自動運転の普及にらみ法改正、自動走行時のメール作成などが可能に

2017/04/05発行 No.1133号

記事分類:総合 - ドイツ経済ニュース

ドイツ連邦議会(下院)は3月30日、政府提出の道路交通法改正案を可決した。同改正法案は加速・操舵・制動を基本的にシステムに委ねることができるレベル3の自動運転車の今後の普及をにらんだもので、ドライバーと車両メーカーの法的責任を明確化。事故が起きた際に誰が責任を負うのかを判断できるようにする狙いだ。法案は自動走行時のドライバーの注意義務を政府案よりもやや緩和する方向に修正したうえで可決された。

ドイツには現在、レベル3を想定した自動運転に関する法的な規定がなかい。このため事故の際の責任の所在は明らかでなく、メーカーが高度な自動運転車を開発しても販売できない懸念があった。

今回の道交法改正案にはこれを踏まえ、自動運転システムは特定の時間・状況下でドライバーに代わって運転を引き受けることができるとの規定が盛り込まれた。ドライバーが運転を行わなければならないのは緊急時やシステムから要請された場合に限られる。システムからの要請は視覚、音響、触覚、そのほかの認知可能な手段で運転手に伝えられなければならない。

事故が起きた際の責任の所在を明確化するため、車両には航空機の“ブラックボックス”に相当する機能の搭載が義務づけられる。これにより運転データを解析し事故がドライバーに起因するのか、それともシステムに起因するのかを判断しやすくする。

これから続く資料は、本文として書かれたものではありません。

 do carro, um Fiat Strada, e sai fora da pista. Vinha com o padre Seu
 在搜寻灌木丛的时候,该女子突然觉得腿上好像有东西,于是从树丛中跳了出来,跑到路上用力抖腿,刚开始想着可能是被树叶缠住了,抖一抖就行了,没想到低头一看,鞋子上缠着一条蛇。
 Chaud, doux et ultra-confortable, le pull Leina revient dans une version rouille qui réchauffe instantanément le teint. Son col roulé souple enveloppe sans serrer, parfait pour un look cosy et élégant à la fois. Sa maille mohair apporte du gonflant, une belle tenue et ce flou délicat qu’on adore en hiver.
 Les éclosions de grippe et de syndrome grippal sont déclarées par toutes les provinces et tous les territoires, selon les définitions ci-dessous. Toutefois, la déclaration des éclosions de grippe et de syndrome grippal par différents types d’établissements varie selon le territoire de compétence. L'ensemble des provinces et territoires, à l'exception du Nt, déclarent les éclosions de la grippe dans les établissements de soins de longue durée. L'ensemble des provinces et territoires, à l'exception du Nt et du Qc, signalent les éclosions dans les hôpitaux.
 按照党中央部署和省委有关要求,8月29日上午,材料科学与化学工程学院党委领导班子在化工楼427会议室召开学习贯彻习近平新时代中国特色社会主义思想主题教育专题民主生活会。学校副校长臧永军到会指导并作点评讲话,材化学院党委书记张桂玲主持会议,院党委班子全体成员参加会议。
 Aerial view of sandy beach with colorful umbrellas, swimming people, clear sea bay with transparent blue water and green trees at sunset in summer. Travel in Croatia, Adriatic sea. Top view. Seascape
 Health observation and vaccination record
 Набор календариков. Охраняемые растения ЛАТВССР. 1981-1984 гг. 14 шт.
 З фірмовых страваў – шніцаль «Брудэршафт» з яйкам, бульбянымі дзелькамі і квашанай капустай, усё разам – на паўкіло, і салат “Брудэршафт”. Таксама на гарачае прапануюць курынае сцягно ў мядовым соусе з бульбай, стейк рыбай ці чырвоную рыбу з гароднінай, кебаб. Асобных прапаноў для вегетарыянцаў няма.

システムが原因の場合は製造元が責任を負うことになる。

ブラックボックスには◇事故が起きた際に運転していたのがシステムなのか運転手なのか◇車両に故障が発生していなかったか◇車両がいつどこにあったか――という計3種類のデータが記録される。保存期間は原則6カ月で、事故後は3年に延長される。

政府法案ではシステムからの要請があった場合、運転手は「速やかに(unverzueglich)」運転を引き受けなければならないと記されているだけだった。これに対しては、運転手は交通状況に絶えず注意を払っていなければならなくなり、メールを書くなど他の作業を実質的にまったくできなくなるといった批判が専門家から出たことから、政府与党はシステムからの要請を「認識できる状態(wahrnehmungsbereit)」にあれば、運転手は自動走行時に道路を注視していなかったり、ハンドルから手を放せることを明確化した。

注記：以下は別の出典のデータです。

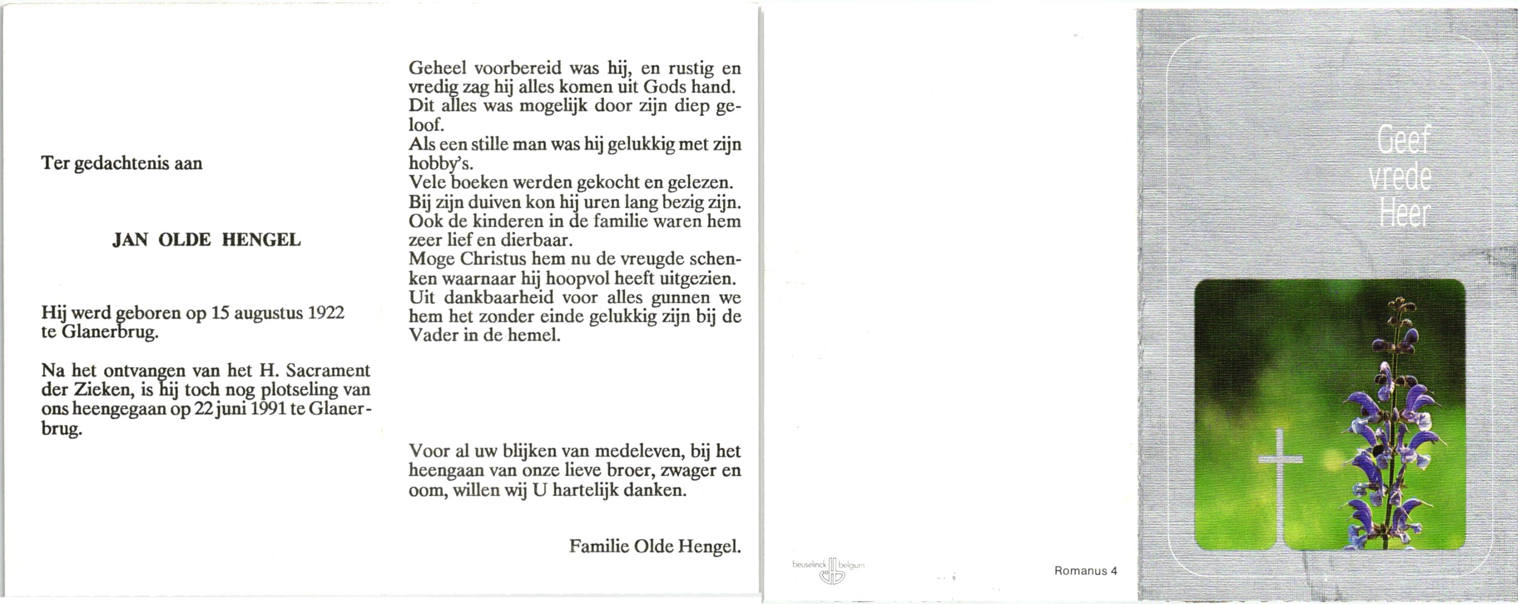OLDE HENGEL, , Jan, geboren op 15-8-1922 te Glanerbrug, overleden op 22-6-1991 te Glanerbrug op 68-jarige leeftijd.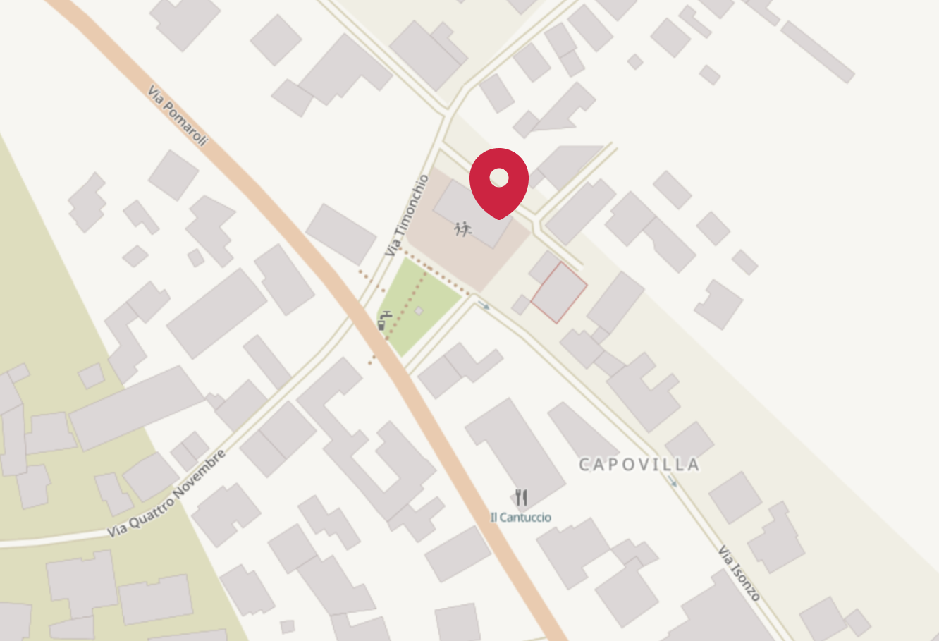 Poiché i posti auto lungo via Timonchio non sono molti, è possibile parcheggiare anche lungo via Capovilla, poco prima dell’incrocio del semaforo, sia sul lato destro che su quello sinistro, dove è visibile anche il parcheggio del capolinea dell’autobus. (5 minuti a piedi).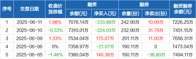 融资方面,当日融资买入752.32万元,融资偿还986.2万元,融资净偿还233.88万元。融券方面,融券卖出10万份,融券偿还0份,融券余量242.9万份,融券余额150.11万元。融资融券余额合计7226.25万元。

ただし、運転の最終責任は運転手が負うことから、タイヤがパンクしたり、必要もないのにシステムがブレーキをかけるなど車両に明らかに異常があることが分かった場合は、要請がなくても速やかに運転を引き受けなければならない。

自動走行中に読書、消費者の3分の1が希望

自動運転車に対する消費者の期待は比較的高い。独情報業界通信連盟(Bitkom)が2月に発表したアンケート調査報告によると、自動運転車に何らかの期待を持っているとの回答は66%と全体の3分の2を占めた。具体的には渋滞緩和が44%で最も多く、これに燃費改善(40%)、交通安全の全般的な向上(34%)、搭乗者の安全の向上(27%)、走行中に運転以外のことができる(25%)が続いた。

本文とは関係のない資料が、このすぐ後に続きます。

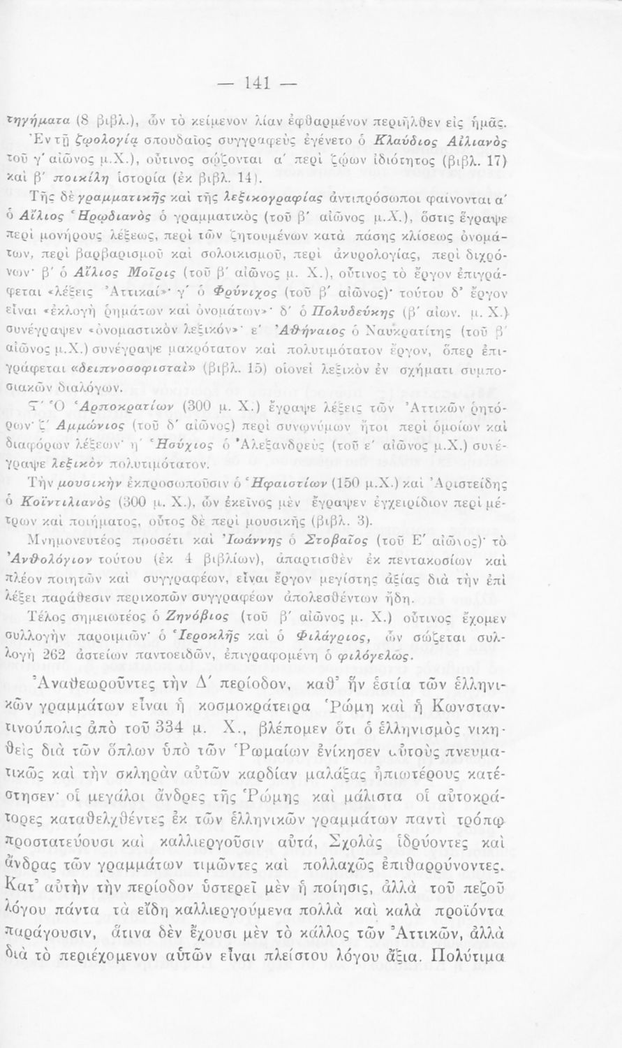Σχολικό εγχειρίδιο Αρχαίων και Νέων Ελληνικών για τις Γ΄, Δ΄, Ε΄, ΣΤ΄ Γυμνασίου που παρουσιάζει τα είδη λογοτεχνίας και την εξέλιξη της ελληνικής γλώσσας από την εποχή του Όμηρου μέχρι την Ελληνική Επανάσταση. Περιέχει και αναφορά στα δημοτικά τραγούδια και σύντομα βιογραφικά σημειώματα επιφανών λογοτεχνών. Ο συγγραφέας ήταν Καθηγητής Ελληνικών Γραμμάτων στο Εθνικό Πανεπιστήμιο και Γυμνασιάρχης στο Αρσάκειο.

「自動走行中に何をしたいですか」との質問に対しては同乗者との会話が53%で最も多く、2位は交通状況の注視(44%)だった。3位以下は読書(34%)、映画鑑賞(24%)、仕事(15%)、睡眠(7%)の順で、交通状況にまったく注意を払うことができない事柄が続いている。

政府法案の修正は走行中に運転以外のことを行いたいという消費者のニーズに見合っており、自動運転車の普及を後押しする効果が期待されている。Bitkomのベルンハルト・ローレーダー専務理事は「自動車大国ドイツは自動運転分野でも世界トップを獲得できる」として、歓迎の意を示した。